The mosaic loses to segregation
Ethnic minorities have little motivation to join mainstream Canada, preferring the balkanization they find
Scott Young
The Vancouver Sun
Wednesday, February 13, 2008
My grandmother speaks atrocious English, eats only Chinese food, has only Chinese friends and has been a Canadian citizen for nearly 50 years.
She's citizen of a country where she can't read the local newspaper, can't order pizza, and has no desire to do so.
Can she truly be considered a Canadian citizen? According to our de facto mosaic, she is as much a citizen as her English-speaking, sushi-swilling Vancouver Canucks-supporting, Toronto-despising grandson. But is the “mosaic” truly the best possible formula for our multicultural society?
The mosaic says that minorities can retain their heritage while immersing themselves in Canadian culture. But notwithstanding ethnic-restaurant tokenism, ethnic minorities have little motivation to challenge the status quo, preferring the balkanization of Canada.
Metro Vancouver's Chinese community is now the most mature ethnic community in Canada. Chinese-language media, churches, shopping malls, service clubs and social agencies dominate a community where English is rare.
Schools, the one common thread that crosses ethnic lines, now see students fluent in English using Chinese as their preferred language. Although internally heterogeneous, the Chinese community offers new immigrants a relatively familiar community amid unfamiliar circumstances. Thus, while new immigrants may self-segregate, their children and grandchildren usually integrate into mainstream Canadian culture.
So is time the best cure?
Eventual integration is not enough; social fragmentation is today's problem.
As it stands, ethnic communities wield significant political power. Residents of Fleetwood-Port Kells will remember the 2004 federal election, when busloads of immigrant South Asian Tory members descended on the party nomination to vote for Nina Grewal.
None of the federal political parties requires Canadian citizenship for party membership, letting nominations be easily exploited by non-citizens. In all fairness, I respect Grewal's desire to serve her community, regardless of the fact that immigrants in that riding made a sham of our electoral system.
The benefit of segregation isn't limited to those inside an ethnic community. Sam (Singh) Sullivan knows exactly where Vancouver's key voting blocs lie. His barely passable Cantonese and Punjabi woo these communities unlike any other savvy Caucasian politician. An English-speaking, integrated ethnic community would undercut that advantage and their persistent segregation benefits that His Worship enjoys.
This phenomenon isn't limited to Vancouver. Toronto school board's recent approval of Africentric schools to combat the dropout rate of black students sets a dangerous precedent. The motivation is laudable, but the method is flawed.

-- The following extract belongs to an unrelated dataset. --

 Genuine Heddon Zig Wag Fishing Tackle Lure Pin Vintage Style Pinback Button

Pro-Africentric activist Angela Wilson stated: “It's not about segregation, it's about self-determination.” That is complete hogwash. Ethnocentric schooling is institutionalized segregation at its worst. The Toronto school board's decision is a foolhardy precedent with serious consequences.
Statistics Canada recently reported that small-city immigrants are more likely to learn one of the official languages than large-city immigrants. The report also linked official language proficiency to economic integration and eventual income parity.

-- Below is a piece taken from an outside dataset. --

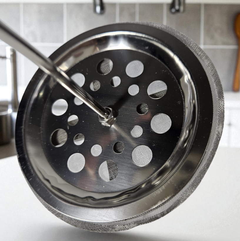 Filter bawaan dari material stainless steel menghasilkan seduhan kopi dengan kualitas tinggi. Teknik french press dapat mengekstrak seluruh kandungan minyak alami pada kopi yang menghasilkan cita rasa terbaik. 3 Lapis filter mencegah adanya ampas yang tertinggal saat bagian menyaring bubuk kopi.

By contrast, settling in a large city delayed economic integration by nearly a decade. The report did not link large urban areas with the critical mass of ethnically targeted social service agencies, which negate the need for English or French. While these agencies play an essential role, they have unfortunate side-effects. Despite these findings, 75 per cent of immigrants still settle in Vancouver, Toronto or Montreal.
Unfortunately, attempting to reveal the perils of segregation is usually buried in simplistic accusations of racism (Remember Bruce Allen?) Canadians revel in the romanticism of Trudeau's multiculturalism, but fail to realize its role in creating ethnic ghettoes.
Jack Granatstein stated: “The [Canadian] state should spend its limited funds on helping newcomers adapt to Canadian society by teaching them the basic knowledge, the symbols, and the ideas that literate, culturally aware Canadians understand . . . . To do anything else condemns immigrants to isolation, to low-paying jobs, to the expanding ghetto of the ill-paid and uneducated.”
Robert Putnam, author of Bowling Alone, recently lamented that social capital is weakest where diversity is strongest. He noted that while “the task of becoming comfortable with diversity will not be easy or quick . . . it will be speeded by our collective efforts and in the end well worth the effort.”
Putnam cited real benefits of diversity, including higher creative capacities and more rapid economic growth. Diversity is a good thing, but immigrants and Canadians naively fear that integration equals the loss of their individual heritages.
That fear has paralysed Canadian social growth.
Until we acknowledge that our self-imposed mosaic is not a perfect system, we'll never construct a mature, cohesive national identity.
Without a national identity, it remains extraordinarily presumptuous for us to claim to be the world's first modern multicultural society.
Scott Young is part of Simon Fraser University's semester in dialogue. He lives in Langley.